如果要爬取一个大型网站时，串行下载显然已经不再适用，所以使用并发下载，用多线程和多进程这来嗯中下载网页的方式。
测试环境
Alexa提供了最受欢迎的100万个网站列表，
网址http://www.alexa.com/topsites
也可以通过http://s3.amazonaws.com/alexa-static/top-1m.csv.zip
直接下载这一列表的压缩文件。
解析Alexa列表
抽取数据的步骤：

下载.zip文件；
从.zip文件中提取CSV文件；
解析CSV文件；
遍历CSV文件中的每一行，从中抽取出域名数据；

import csv
from zipfile import ZipFile

from DownLoad import Downloader
from StringIO import StringIO


#实例化一个下载的对象
D=Downloader()


# 下载列表的压缩包
zipped_data=D('http://s3.amazonaws.com/alexa-static/top-1m.csv.zip')
urls=[]


# ZipFile需要一个类似文件的接口，所以使用StringIO封装
# StringIO主要用于在内存缓冲区中读写数据
with ZipFile(StringIO(zipped_data)) as zf:
    # 从文件列表中提取CSV文件的名称
    csv_filename=zf.namelist()[0]

    for _,website in csv.reader(zf.open(csv_filename)):

        # 使域名合法
        urls.append('http://' + website)

如果想在之前开发的爬虫中复用上述功能，需要修改scrape_callback接口：

import csv
from zipfile import ZipFile
from mongo_02 import MongoCache
from StringIO import StringIO


class AlexaCallback:
    def __init__(self,max_urls=1000):
        self.max_urls=max_urls
        self.seed_url='http://s3.amazonaws.com/alexa-static/top-1m.csv.zip'


    def __call__(self, url,html):
        if url==self.seed_url:
            urls=[]
            cache=MongoCache()
            with ZipFile(StringIO(html)) as zf:
                csv_filename=zf.namelist()[0]

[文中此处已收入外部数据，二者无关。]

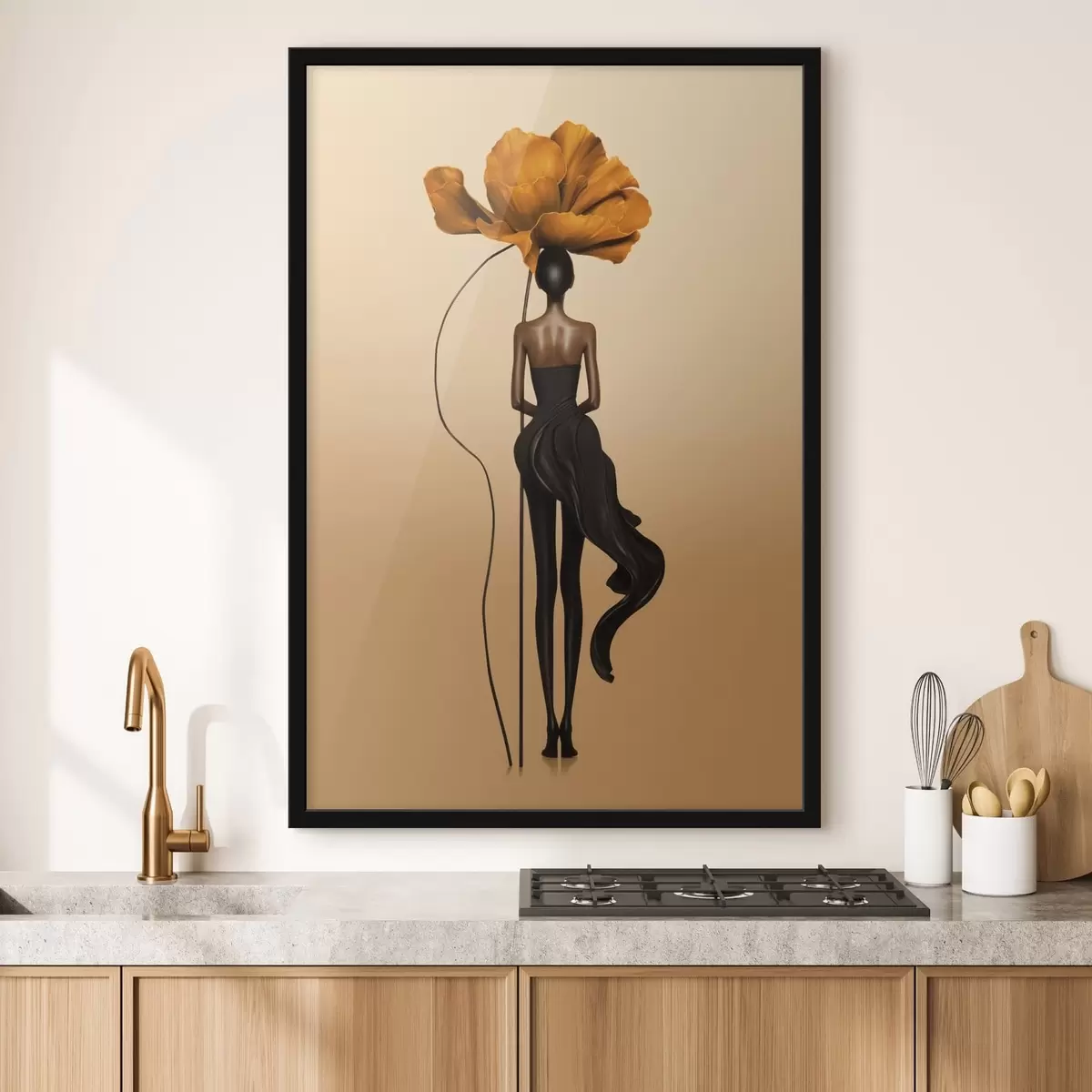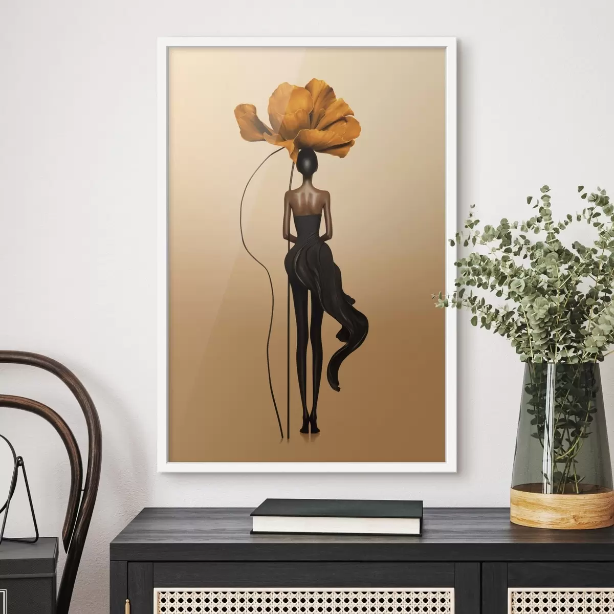 Poster Gestileerd figuur met een grote bloem als hoofd N° f48618
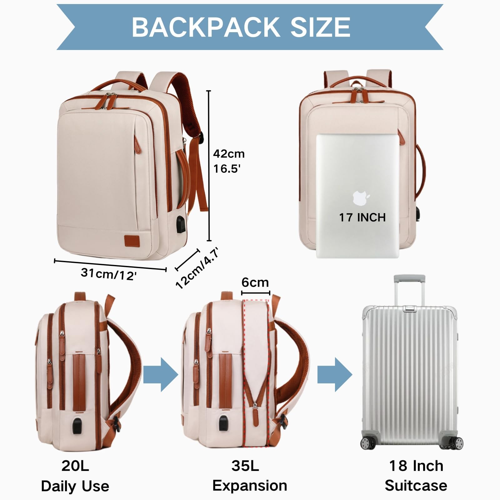 Expandable Laptop Backpack – Your Ideal Travel & Work Companion Stay organized, comfortable, and stylish with the Large Laptop Backpack, designed to meet the needs of commuters, college, and travelers. This multifunctional backpack is crafted from durable, waterproof fabric, offering a sleek and professional look while ensuring long-lasting performance. The backpack features a dedicated laptop compartment that accommodates laptops up to 15.6 inches, keeping your tech safe and secure. Its expandable design allows you to adjust the capacity to fit everything you need for business meetings, college classes, or short trips. With a built-in USB charging port, you can keep your devices powered on the go, making it an essential accessory for modern lifestyles. The breathable padded back panel and ergonomic shoulder straps provide exceptional comfort, even during extended wear. Whether you’re heading to work, college, or the airport, this versatile backpack offers a smart combination of functionality and style, ensuring it’s the only bag you’ll ever need. Choose and enjoy a blend of practicality, durability, and elegance in your everyday life. 【Convertible Design for Versatility】Easily switch between backpack and horizontal hand-carry modes for added convenience. Perfect for daily commutes, business trips, and casual travel. 【Expandable & Spacious Storage】Features an expandable capacity to fit all your essentials, with a dedicated laptop compartment that securely holds up to a 15.6-inch laptop. 【USB Charging Port for On-the-Go Power】Equipped with an external USB charging port and built-in charging cable, ensuring your devices stay powered throughout your busy day. 【Durable & Waterproof Material】Made from high-quality, water-resistant fabric that is soft to the touch yet durable enough to withstand everyday wear and tear. Ideal for college, professionals, and travelers alike. 【Comfortable & Breathable Back Support】Ergonomic design with breathable padded straps and back panel for all-day comfort, keeping you cool and reducing strain on your shoulders.

                for _,website in csv.reader(zf.open(csv_filename)):
                    if 'http://' + website not in cache:
                        urls.append('http://' + website)
                        if len(urls) == self.max_urls:
                            break

            return urls

串行爬虫

import time

from Link_crawler import link_crawler
from mongo_02 import MongoCache
from alexa_cb import AlexaCallback

def main():
    scrape_callback=AlexaCallback()
    bigcache=MongoCache()
    link_crawler(scrape_callback.seed_url,cache=bigcache,scrape_callback=scrape_callback)



if __name__=='__main__':
    start = time.time()
    main()
    print "the app run:%s" % (time.time() - start)

这里写图片描述
多线程爬取

# coding:utf-8
import threading

import time
import urlparse

from DownLoad import Downloader

SLEEP_TIME=1
def threaded_crawer(seed_url,delay=5,cache=None,scrape_callback=None,
                    user_agent='wswp',proxies=None,num_retries=1,
                    max_threads=10,timeout=60):

    crawl_queue=[seed_url]
    seen=set([seed_url])

    D=Downloader(cache=cache,delay=delay,user_agent=user_agent,
                 proxies=proxies,num_retries=num_retries,timeout=timeout)

    def process_queue():
        while True:
            try:
                url=crawl_queue.pop()

            except IndexError:
                break
            else:
                html=D(url)
                if scrape_callback:
                    try:
                        links=scrape_callback(url,html) or []
                    except Exception as e:
                        print 'Error in callback for:{}:{}'.format(url,e)
                    else:
                        for link in links:
                            link=normalize(seed_url,link)
                            seen.add(link)
                            crawl_queue.append(link)
    #
    threads=[]
    while threads or crawl_queue:
        # 将没有在用的线程全部删除，以防不执行，却使线程数达到最大
        for thread in threads:
            if not thread.is_alive():

                threads.remove(thread)
        # 当前活跃的线程数小于最大线程数并且链接队列不为空时继续爬取
        while len(threads) < max_threads and crawl_queue:

            # 产生一个线程
            thread=threading.Thread(target=process_queue)
            thread.setDaemon(True) #设置守护线程，设定守护线程时， 主线程执行结束， 子线程也结束;
            thread.start() #启动线程
            threads.append(thread)

        # 模拟线程阻塞，使用多线程功能
        time.sleep(SLEEP_TIME)

def normalize(seed_url,link):
    """将链接格式补充完整"""
    link,_=urlparse.urldefrag(link)
    return urlparse.urljoin(seed_url,link)

多进程爬虫
目前，爬虫队列都是存储在本地内存当中，其他进程都无法处理这个爬虫。为了解决该问题，需要把爬虫队列转移到MongoDB当中。单独存储队列，意味着即使是不同的服务器也能够协同处理同一爬虫任务。

# coding:utf-8
from datetime import datetime, timedelta
from pymongo import MongoClient, errors


class MongoQueue:

    OUTSTANDING,PROCESSING,COMPLETE=range(3)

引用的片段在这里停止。